The power consumption of existing active walking robots is relatively large making locomotion feasible only for a very short period or with external power supply.
In this project the principle of "passive dynamic walking" is exploited in order to realize energy-efficient walking.
According to this principle a biped machine with knees is capable of walking down an inclined slope in a natural periodic gait.
By specifying appropriate initial conditions a walking cycle is generated and maintained by the dynamics of the legs powered only by gravity.

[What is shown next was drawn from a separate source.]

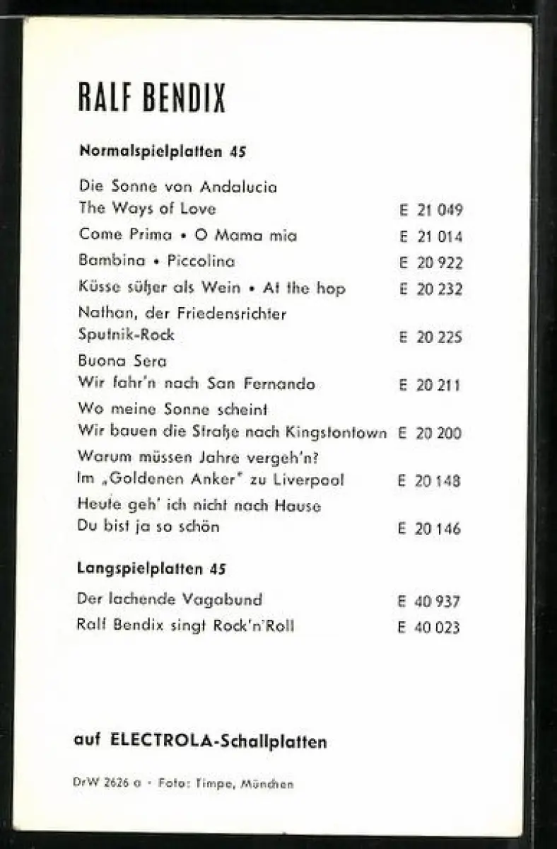 AK Musiker Ralf Bendix mit Brille zur Seite schauend, Autograph
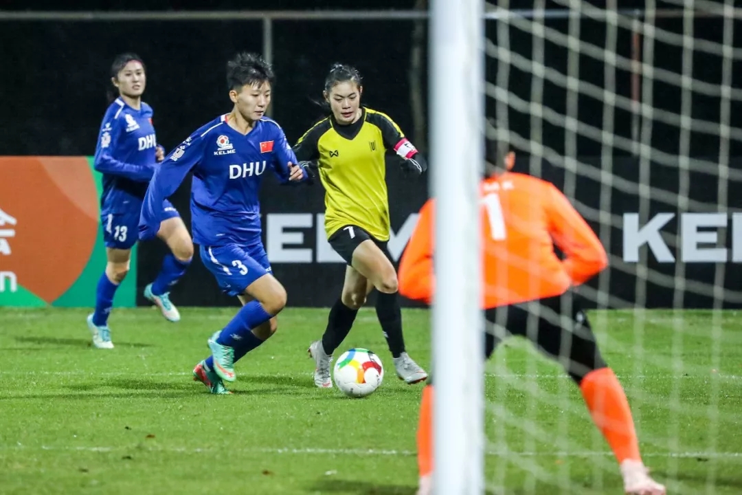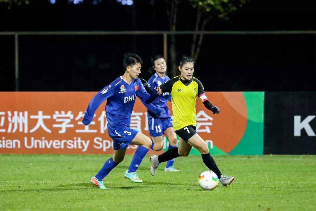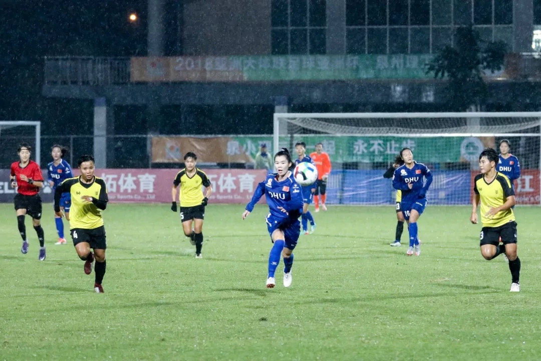 11月1日晚,2018亚洲大体联足球亚洲杯女子组小组赛首日,东华大学队(中国)对阵亚洲学者大学队(泰国)的比赛在泉州理工学院足球场进行。

The passive walking cycle is characterized by impacts in the knee joint and between foot and ground.
The transfer of potential into kinetic energy while walking down the inclined slope is compensating for the occurring energy losses.
A periodic walking cycle is generated only for special initial conditions.
In order to find such initial conditions for a model the corresponding two point boundary value problem is solved iteratively.
For walking on even ground the same model with actuators in the joints is considered.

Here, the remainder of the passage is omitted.